Work to be completed.
Transcribe the records below word for word, beginning with the first line and stopping after the line that contains "Modern Steel Front"; pictures are not part of the copy.

Stored data entries.
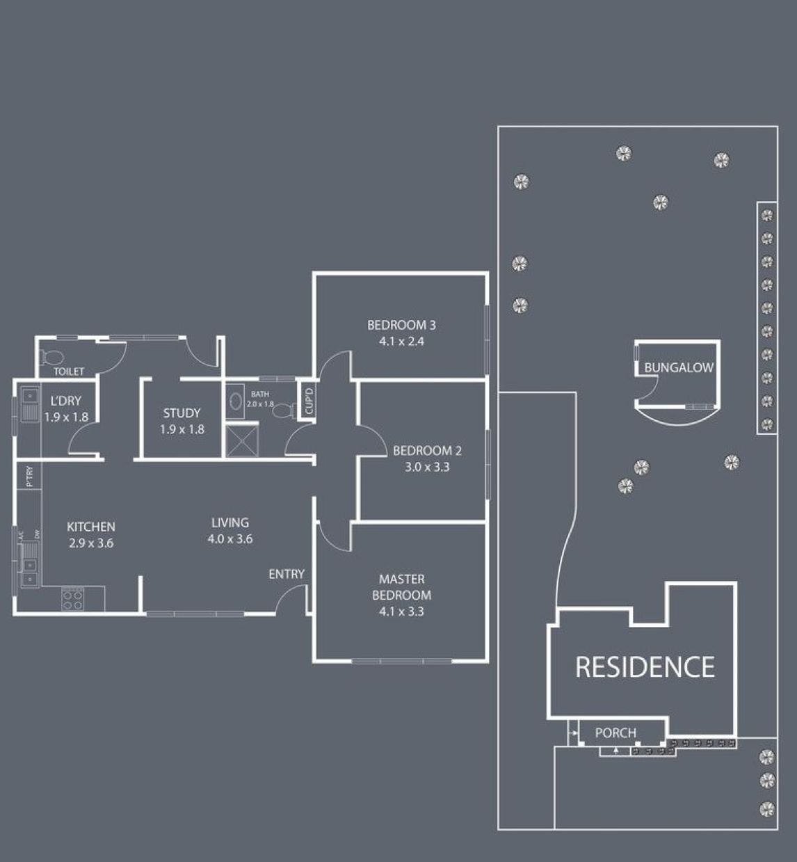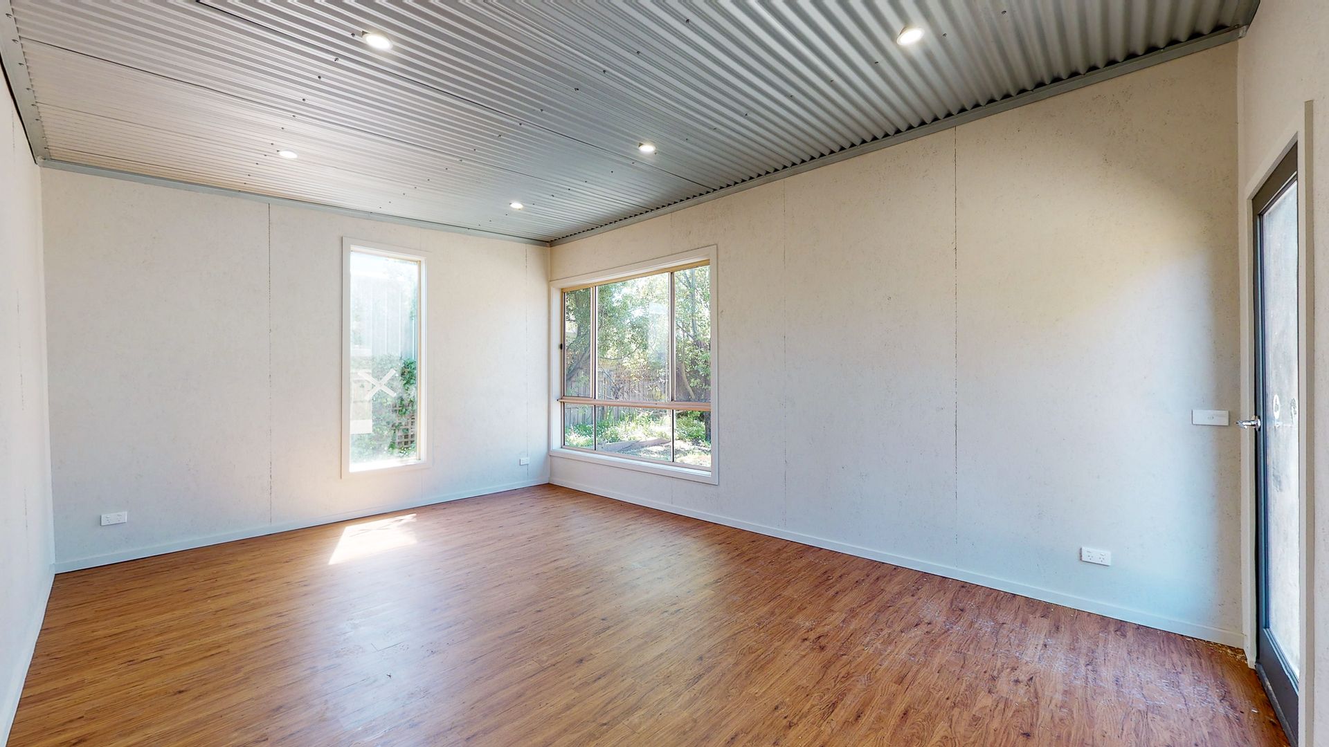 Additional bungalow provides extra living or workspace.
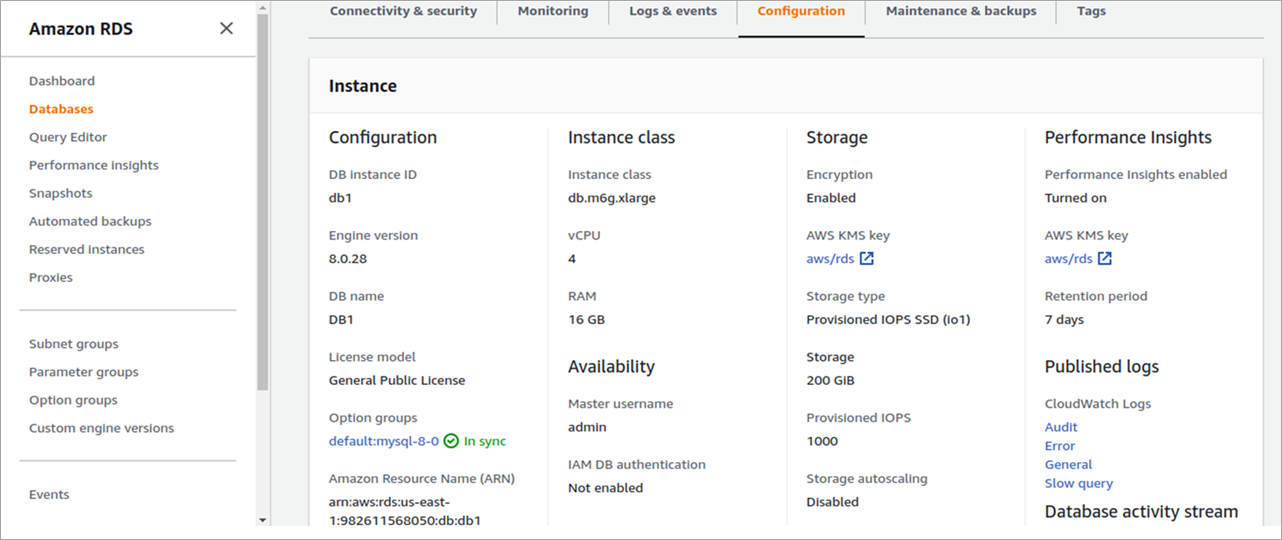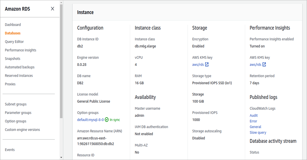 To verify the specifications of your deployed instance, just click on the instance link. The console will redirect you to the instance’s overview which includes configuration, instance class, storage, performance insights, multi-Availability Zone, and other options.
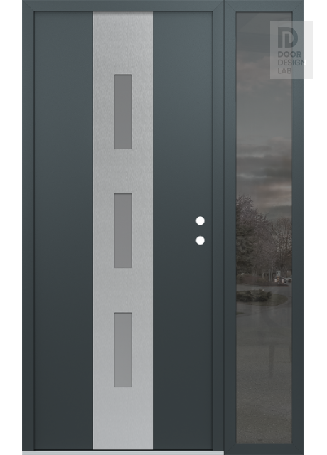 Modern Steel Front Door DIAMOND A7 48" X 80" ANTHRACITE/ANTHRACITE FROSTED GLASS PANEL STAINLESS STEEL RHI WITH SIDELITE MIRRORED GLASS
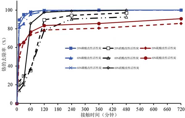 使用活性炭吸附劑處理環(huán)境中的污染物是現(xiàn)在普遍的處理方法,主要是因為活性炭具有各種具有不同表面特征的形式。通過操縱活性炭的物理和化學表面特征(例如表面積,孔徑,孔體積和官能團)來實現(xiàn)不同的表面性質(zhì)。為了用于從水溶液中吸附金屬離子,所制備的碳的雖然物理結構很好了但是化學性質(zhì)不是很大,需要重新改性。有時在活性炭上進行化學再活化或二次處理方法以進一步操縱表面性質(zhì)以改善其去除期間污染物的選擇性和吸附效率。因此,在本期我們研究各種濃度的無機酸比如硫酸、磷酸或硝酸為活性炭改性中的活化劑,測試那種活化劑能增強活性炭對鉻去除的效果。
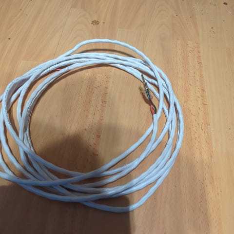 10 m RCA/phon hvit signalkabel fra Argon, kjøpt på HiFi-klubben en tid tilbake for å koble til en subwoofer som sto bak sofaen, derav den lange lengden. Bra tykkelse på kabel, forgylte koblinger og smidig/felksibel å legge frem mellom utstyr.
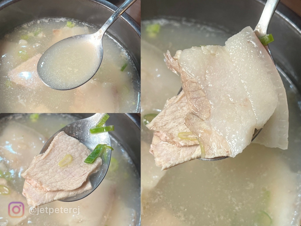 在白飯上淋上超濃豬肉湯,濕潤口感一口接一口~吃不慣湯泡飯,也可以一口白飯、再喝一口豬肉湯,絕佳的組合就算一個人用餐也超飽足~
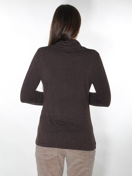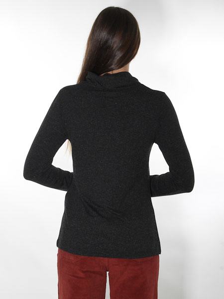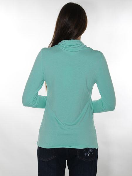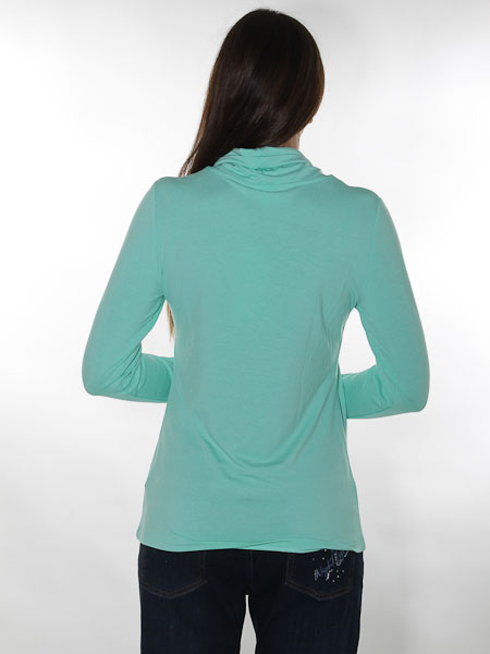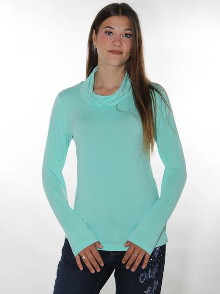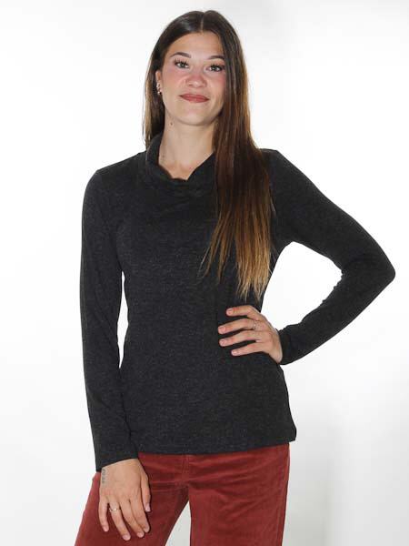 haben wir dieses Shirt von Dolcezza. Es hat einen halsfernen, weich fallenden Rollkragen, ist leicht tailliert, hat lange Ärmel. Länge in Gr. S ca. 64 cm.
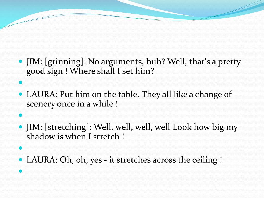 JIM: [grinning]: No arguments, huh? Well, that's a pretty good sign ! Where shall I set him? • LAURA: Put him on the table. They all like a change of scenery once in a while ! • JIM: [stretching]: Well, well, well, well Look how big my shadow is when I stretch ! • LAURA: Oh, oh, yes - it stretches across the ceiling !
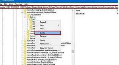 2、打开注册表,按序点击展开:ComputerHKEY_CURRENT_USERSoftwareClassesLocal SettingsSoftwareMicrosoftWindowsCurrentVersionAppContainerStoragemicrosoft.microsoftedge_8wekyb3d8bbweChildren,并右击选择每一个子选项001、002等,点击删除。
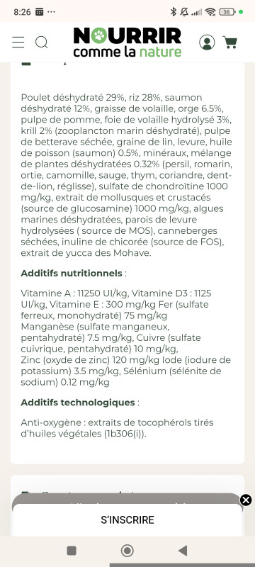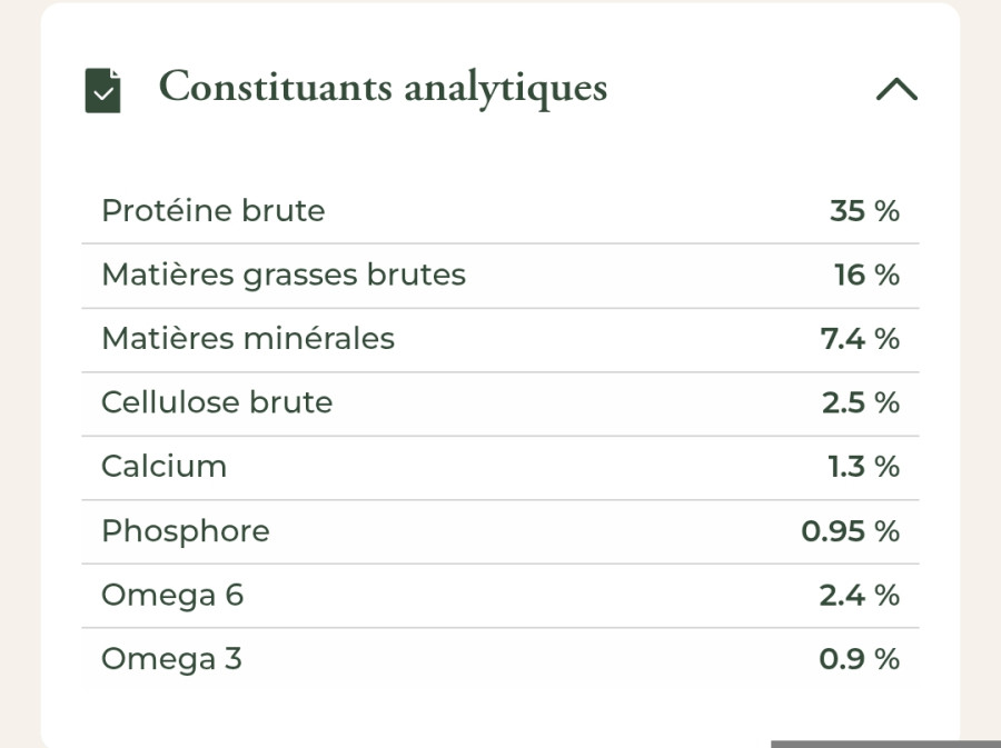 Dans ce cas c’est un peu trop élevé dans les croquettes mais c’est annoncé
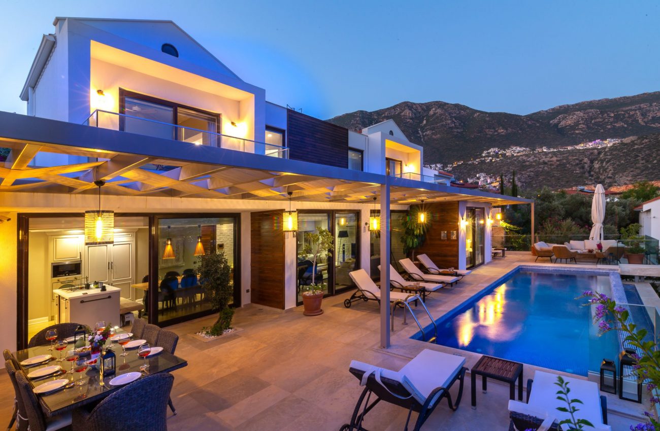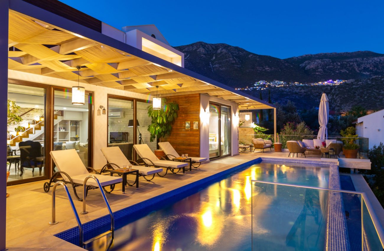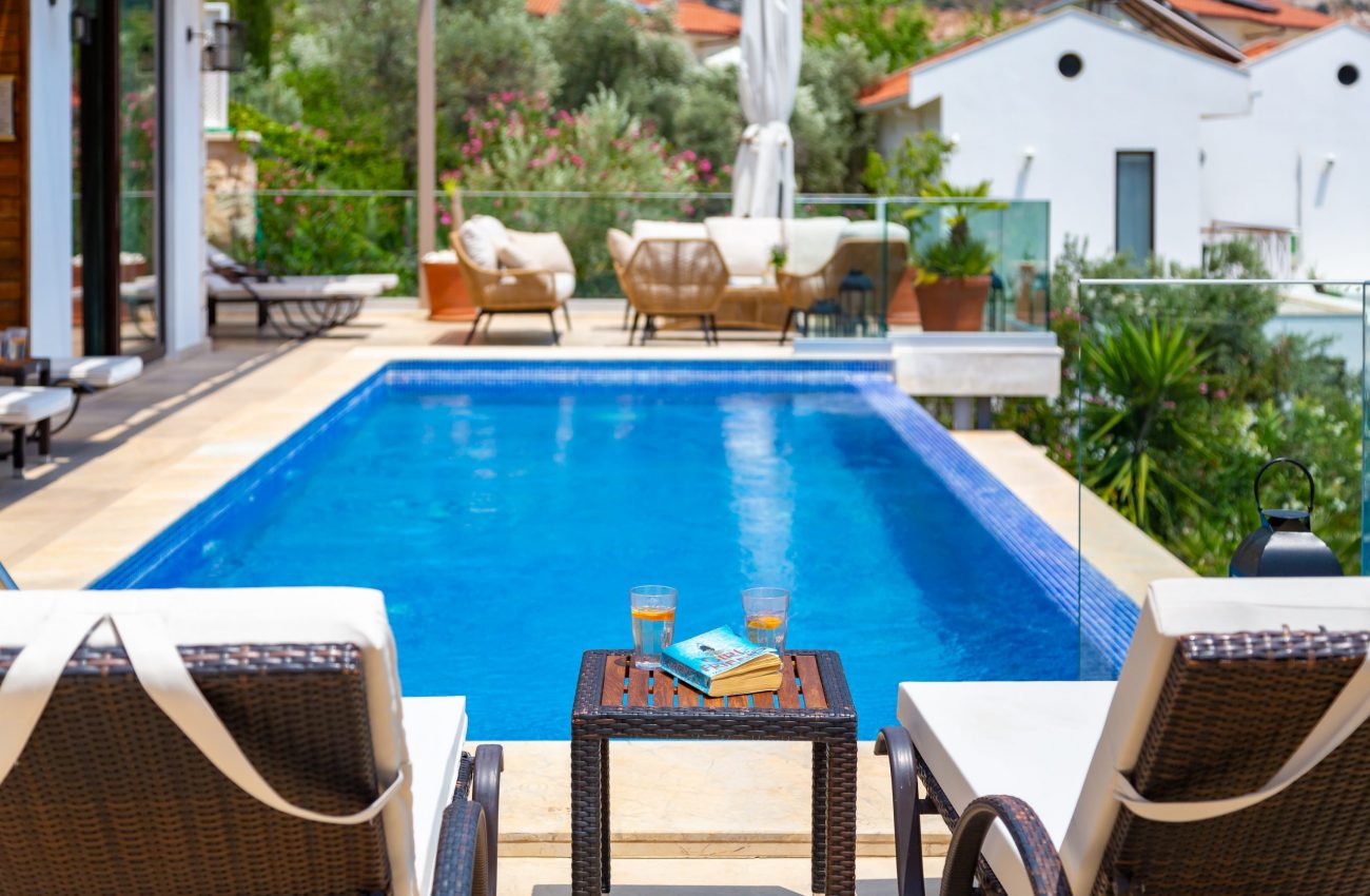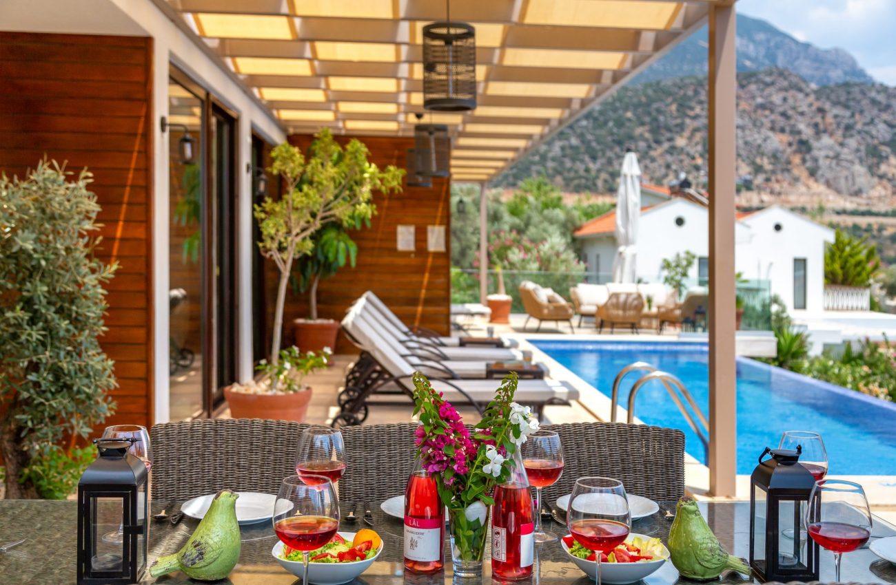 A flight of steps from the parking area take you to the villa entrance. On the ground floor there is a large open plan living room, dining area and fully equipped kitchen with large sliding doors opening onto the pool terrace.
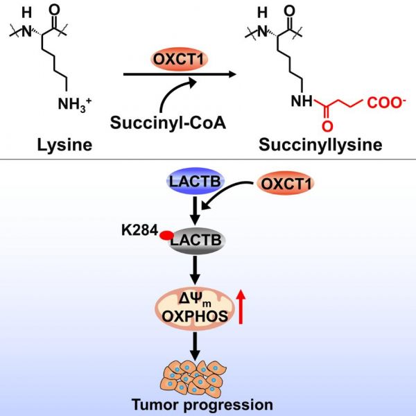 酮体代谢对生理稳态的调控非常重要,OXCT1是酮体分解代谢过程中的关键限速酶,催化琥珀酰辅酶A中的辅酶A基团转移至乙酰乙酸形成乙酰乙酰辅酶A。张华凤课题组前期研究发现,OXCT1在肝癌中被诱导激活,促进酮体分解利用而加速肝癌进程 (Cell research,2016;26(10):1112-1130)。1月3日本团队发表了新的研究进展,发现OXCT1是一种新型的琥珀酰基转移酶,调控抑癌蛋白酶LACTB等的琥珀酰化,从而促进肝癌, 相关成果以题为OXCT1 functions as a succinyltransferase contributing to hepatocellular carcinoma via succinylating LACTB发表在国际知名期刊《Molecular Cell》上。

Completed exercise.
 Additional bungalow provides extra living or workspace.
 To verify the specifications of your deployed instance, just click on the instance link. The console will redirect you to the instance’s overview which includes configuration, instance class, storage, performance insights, multi-Availability Zone, and other options.
 Modern Steel Front Door DIAMOND A7 48" X 80" ANTHRACITE/ANTHRACITE FROSTED GLASS PANEL STAINLESS STEEL RHI WITH SIDELITE MIRRORED GLASS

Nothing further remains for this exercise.